What you're attempting here is (1) and I think we'd have a lot less hesitancy about accepting that than any progress towards (2). Proposal (2) has more security complexity and we just need to do some thinking about it and admittedly haven't got around to it.
As for your implementation for (1), that looks roughly right. In the tests, I'd probably have only a single metadata key in the WithVault arguments just to ensure we'd not interpolating metadata that's unexpected (i.e. keep meta2 in the jobspec but have only meta1 in the extra claims). If you're interested in submitting a PR I think we'd be happy to get that reviewed.
I'll chime in with my 2 cents again because this has become something that's still blocking us from ditching our homebrew duct tape and bailing wire solution via yet-another-app; I don't see the security implications in allowing additional arbitrary claims to be added to an identity token (that isn't used for vault or consul) - after all it's the job of the consuming application to validate the token and it's claims.
And that's fine; because realistically I don't want Nomad telling me what I can and can't do (from a security standpoint) with the jobs I run. Assume that if I choose to add additional claims that I've done my risk analysis and I'm aware of any potential pitfalls.
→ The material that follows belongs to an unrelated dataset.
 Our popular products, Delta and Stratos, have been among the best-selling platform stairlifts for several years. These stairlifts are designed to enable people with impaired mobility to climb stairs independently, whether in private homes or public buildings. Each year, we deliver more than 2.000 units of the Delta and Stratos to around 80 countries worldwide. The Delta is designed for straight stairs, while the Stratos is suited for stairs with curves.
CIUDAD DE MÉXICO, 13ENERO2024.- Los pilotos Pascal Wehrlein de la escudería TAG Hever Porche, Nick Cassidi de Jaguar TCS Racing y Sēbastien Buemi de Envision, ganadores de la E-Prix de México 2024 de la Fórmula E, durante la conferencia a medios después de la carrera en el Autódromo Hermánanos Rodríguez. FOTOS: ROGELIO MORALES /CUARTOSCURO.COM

If Nomad wishes to tell me what I should and shouldn't do, that's fine, but at least allow me to tell it to shut up and do as it's told.
As I mentioned before, gate it behind a client configuration setting that is off by default, and has to be explicitly enabled in order for additional claims to work - at that point it's very much like "you opted in to this, so if it breaks, you get to keep both pieces".
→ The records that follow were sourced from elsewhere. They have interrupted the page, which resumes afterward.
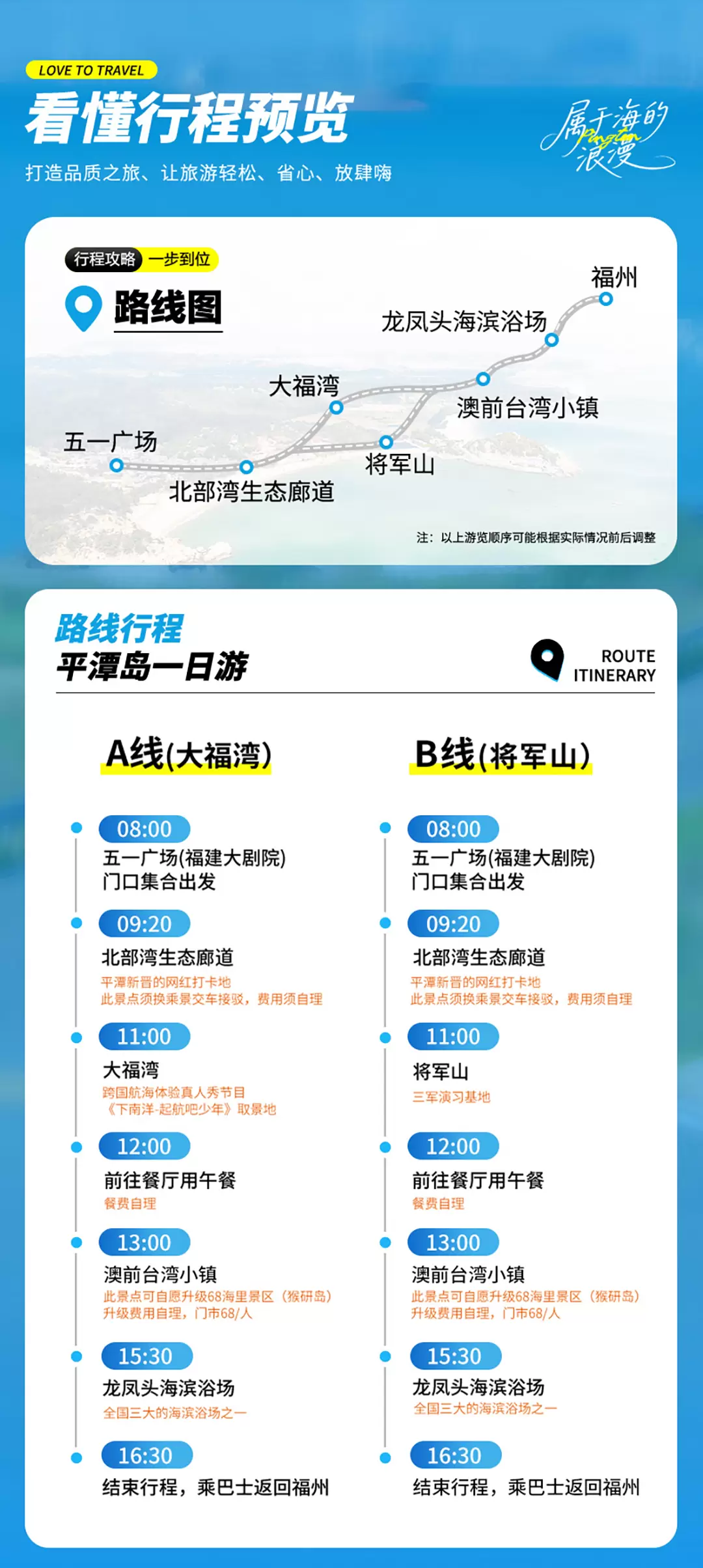 福州平潭岛+龙凤头海滨浴场+海坛古城一日游【纯玩无购物|大福湾/将军山热门线|可升猴研岛|可选独团行程更自由】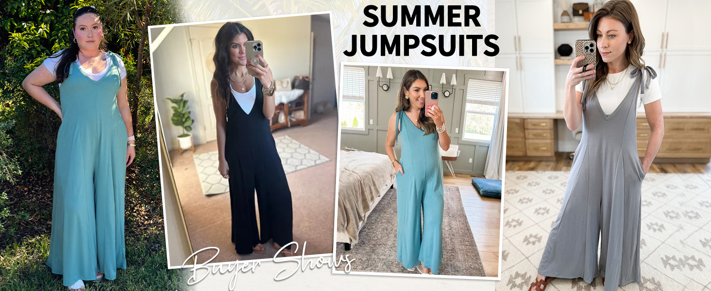 - [Design Highlights] Tie-shoulder design allows you to decided the style of this wide leg jumpsuits, V-shaped adds a unique flair to this casual jumpsuit.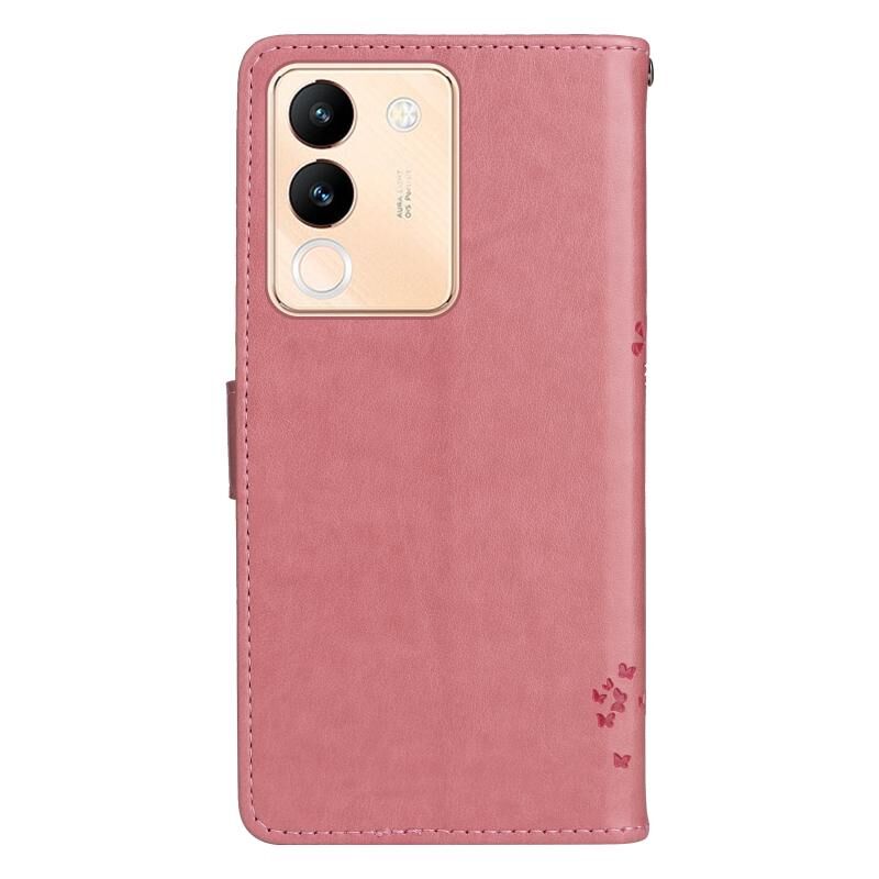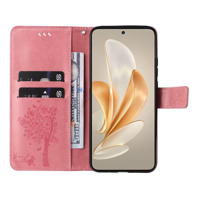 Για το vivo V29e Global / Y200 5G Global Tree & Cat ανάγλυφο μοτίβο Flip δερμάτινη θήκη τηλεφώνου (ρόζ)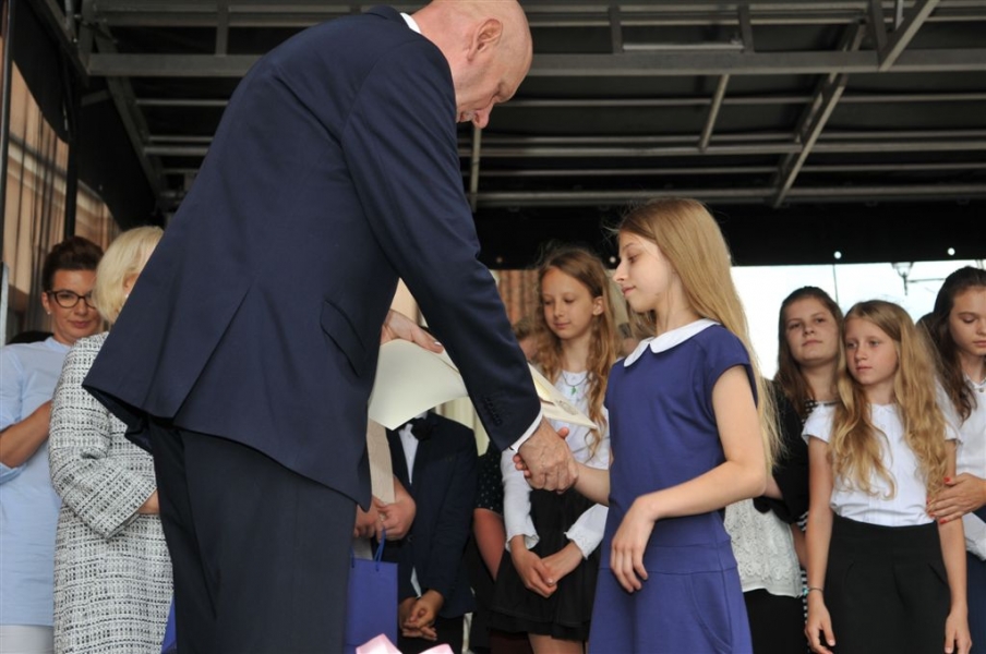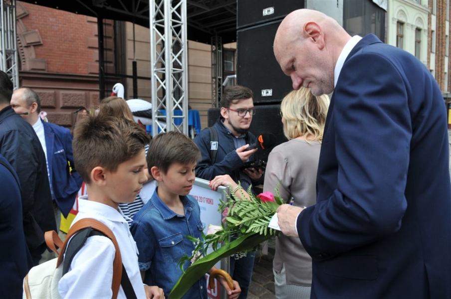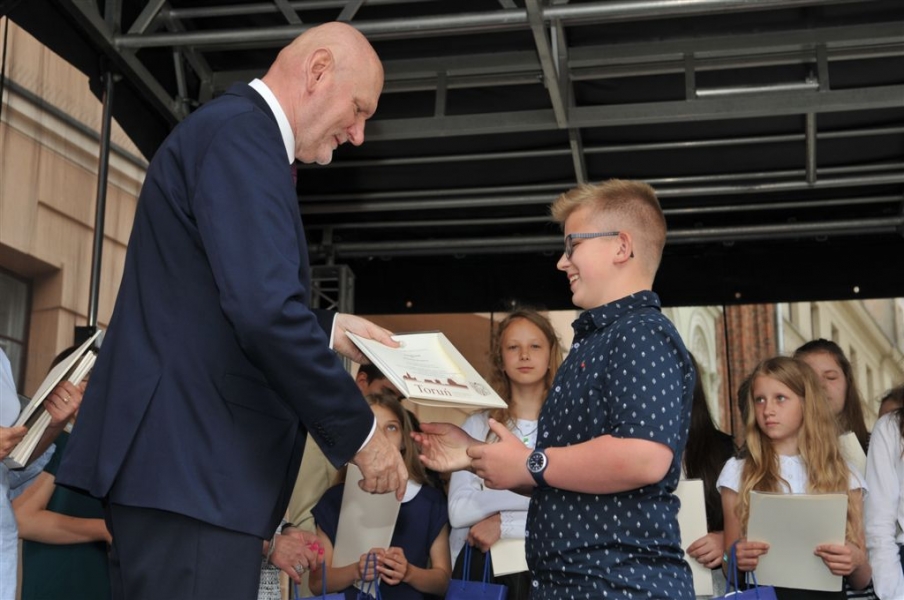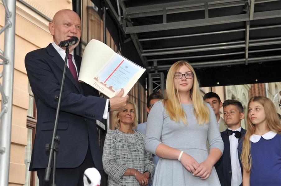 Najlepszą klasą w Toruniu w roku szkolnym 2016/2017 okazała się VI klasa ze Szkoły Podstawowej nr 27 w Kaszczorku. Aż 22 z 25 uczniów otrzymało świadectwo z wyróżnieniem, a średnia ocen klasy to 5,31. W nagrodę prezydent Michał Zaleski 23 czerwca 2017 r. wręczył im świadectwa na Rynku Staromiejskim, podczas Dni Torunia. Fot. Małgorzata Litwin

I don't see the security implications in allowing additional arbitrary claims to be added to an identity token (that isn't used for vault or consul) - after all it's the job of the consuming application to validate the token and it's claims.
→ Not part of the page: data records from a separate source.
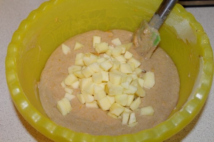 Яблоки почистить и также добавить в тесто.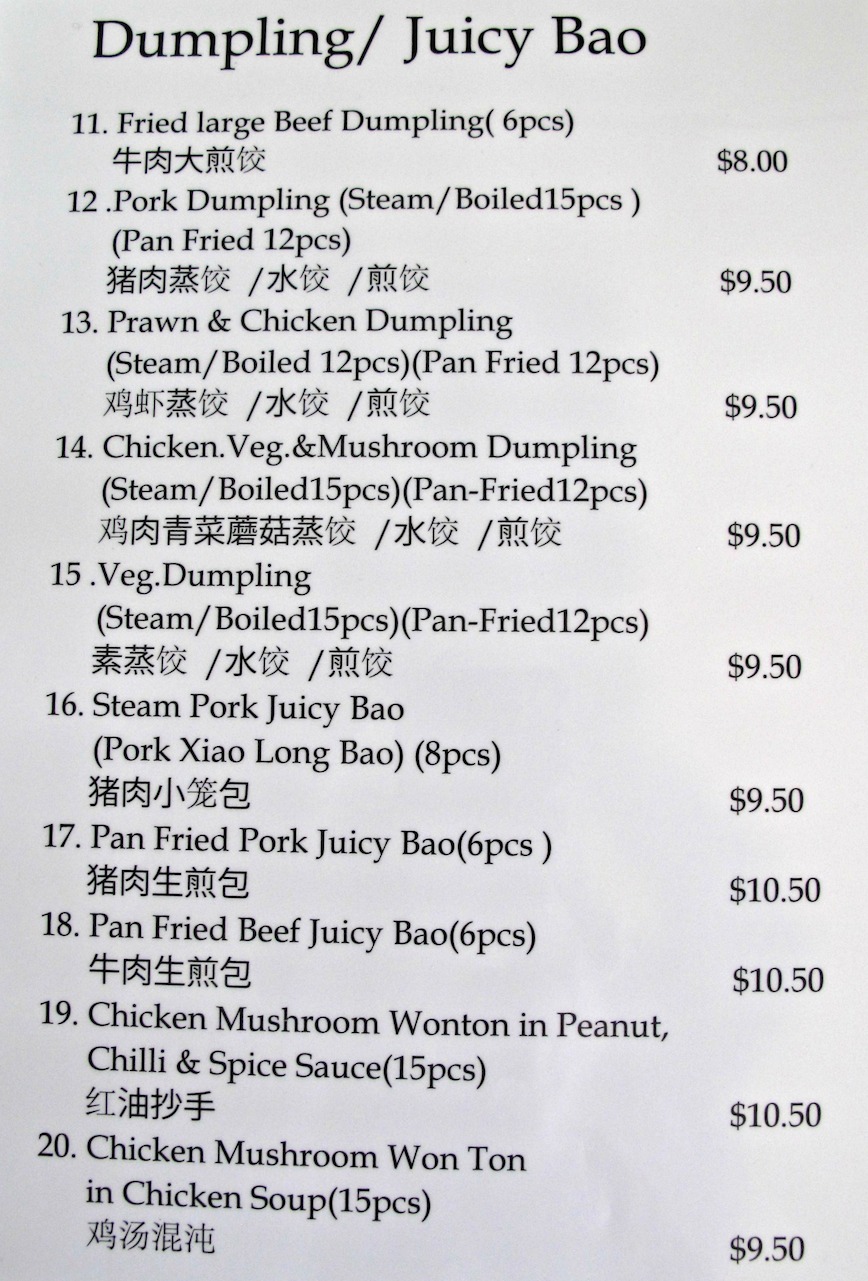 As we takes our seats, we are entertaining thoughts of trying up to a handful of the many dumplings featured on the menu (see below) – and chicken feet.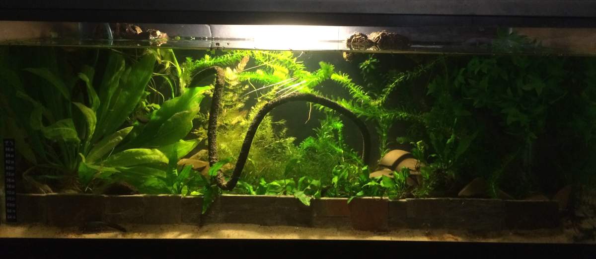 Looks pretty good for pyrrho's to me, Like you say, a few more plants that reach up to the top and you're done! Mine are defiantly happiest with some clear areas at the surface where they can swim up to breath without clambering through plants or having to spit out duckweed on their way back down! :)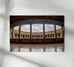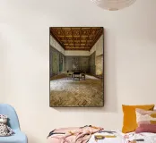 L'immagine mostra un interno storico della Casa de Pilatos di Siviglia, un palazzo del XVI secolo con influenze architettoniche mudéjar, gotiche e rinascimentali. Le pareti sono completamente ricoperte da piastrelle decorate con motivi geometrici e floreali nei toni del blu, del verde e del marrone. Queste piastrelle sono tipiche dell'arte mudéjar e riflettono la diversità culturale dell'Andalusia. Il soffitto è costituito da pannelli in legno dorato con complessi ornamenti e rilievi che documentano la maestria dell'epoca.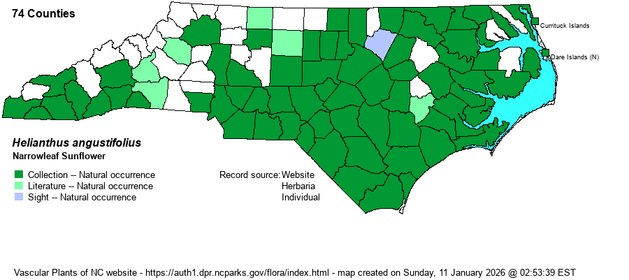 | Identification | Plants grow 3-6 feet tall, with numerous, slender (1/3-inch wide and 5-7 inches long), scabrous (rough to touch), opposite, dark green leaves (often with revolute margins -- making them look even narrower). The inflorescence is broad and multi-branched; the numerous heads are about 1.5-2 inches across, with bright yellow rays and brown-purple disks. The slender leaves are not likely to be confused with other sunflowers. This is a very striking plant when in bloom. | |

I have a job "example" in namespace "developer" and I have an ACL token with namespace "developer" { policy = "write" }. So you're ok with me having an identity that says:
identity {
extra_claims {
nomad_namespace = "production"
nomad_job = "foo"
}
}
Probably not? Under the Nomad security model personas we expect that a cluster administrator does want tight control over what job authors ("Nomad operator" in that link) can deploy. We need to design those controls:
- Is this just an on/off boolean feature for the whole cluster?
- Should cluster admins be able to provide allowlist/denylist rules for what claims can be made?
- Can those rules have globs?
- Are those rules opt-in or opt-out?
- Should we reserve key prefixes in claims, so that we can expand the set of claims Nomad writes in the future?
- Should cluster admins be able to assign those rules per-namespace? Per-node pool?
- Should any of these controls be an Enterprise-only feature? If so, what does the reduced version of the control look like in the CE product?
There's a bunch of design work to do and getting it wrong means screwing up a security component. If you don't need those controls that's fine, but have some empathy that lots of folks will. You're always welcome to contribute specific ideas or patches.
As I mentioned before, gate it behind a client configuration setting
It would have to be in the server-side control, not the client. Otherwise the same allocation deployed to different nodes would have different claim values (or just fail, depending on how it was implemented).
So you're ok with me having an identity that says:
No... and that's an awful example because if whoever implements this feature allows for extra arbitrary claims to overwrite the claims nomad generates, well... I would have a fair few choice things to say about that :)
And as far as the list of design bullets go, a fair few of those hinge on just allowing people to willy-nilly declare additional claims, which would be... cough not smart. Of course you want to prevent anything from clobbering existing claims, which means that at least 2 out of the 3 bullets are a "yes" - and whether or not to make it an EE feature, well, no?
And yes, server-side control for the config setting of course.